The problems with this are manifold.
First there are not enough campsites to take us all.
Most Campsites are only open 6 months of the year.
Councils don’t need to provide anything that is not already there.
The vast majority of carparks are empty at night.
The problem is not lack of carparks, but a lack of available carparks due to barriers and signage, most of which is completely unnecessary and unacceptable.
If things don't change eventually folk may start to withdraw from buying Motorhomes, creating a loss of several billion to HM treasury, and additional unemployment.
Cost is almost a non issue, it’s attitudes towards us that have to change, and changing attitudes costs nothing.


----------



## yorkieowl

Fisherman said:


> The problems with this are manifold.
> First there are not enough campsites to take us all.
> Most Campsites are only open 6 months of the year.
> Councils don’t need to provide anything that is not already there.
> The vast majority of carparks are empty at night.
> The problem is not lack of carparks, but a lack of available carparks due to barriers and signage, most of which is completely unnecessary and unacceptable.
> If things don't change eventually folk may start to withdraw from buying Motorhomes, creating a loss of several billion to HM treasury, and additional unemployment.
> Cost is almost a non issue, it’s attitudes towards us that have to change, and changing attitudes costs nothing.
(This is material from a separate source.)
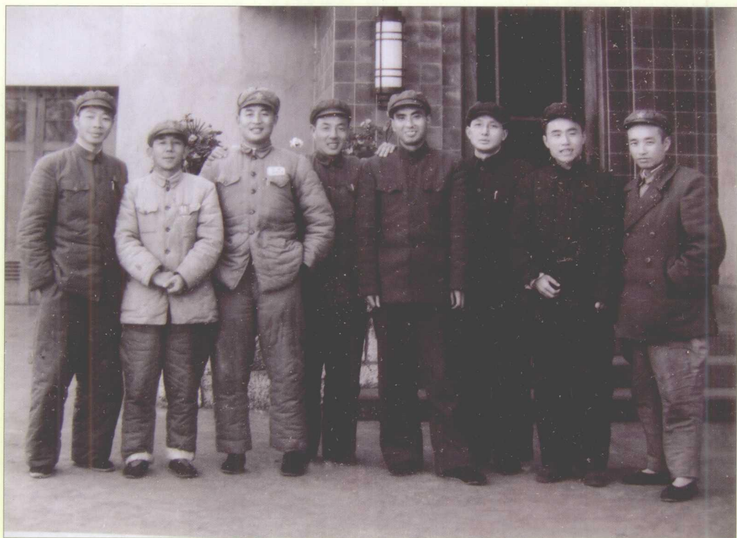
貴州解放初期，中共貴州省書記蘇振華（左四），副書記徐運北（右二）、曾固（即陳曾固，右三），常務委員楊勇（右四）、趙健民（左一）等合影

Not enough campsites - at present - but plenty of farmers/landowners needing (or wanting), to diversify, and this gives them the perfect opportunity.


----------



## Fisherman

yorkieowl said:


> Not enough campsites - at present - but plenty of farmers/landowners needing (or wanting), to diversify, and this gives them the perfect opportunity.



Most farms are in rural locations.
Most of the problems posters are having are with regards to urban locations.
And urban locations are less well served by campsites.
If some farmers wish to provide campsites or CLs, that would be helpful.
But ultimately what’s required are more locations in urban areas.
Up here there is no shortage of locations in rural Scotland.


----------



## Val54

Fisherman said:


> Richard it’s not just the French it’s basically the rest of the free world. The whole of Europe, America, Australia, New Zealand and others don’t have our attitudes.
> I suspect if someone in these countries wanted to stop us from parking it would be made more difficult, and their actions would have to be accountable. we keep hearing it’s because of travellers, well all these countries have the same issues.
> Basically we have to stop being treated as a problem, and sadly some of us have to learn how to behave. But in saying that our behaviour is no worse and possibly better than others who use these facilities.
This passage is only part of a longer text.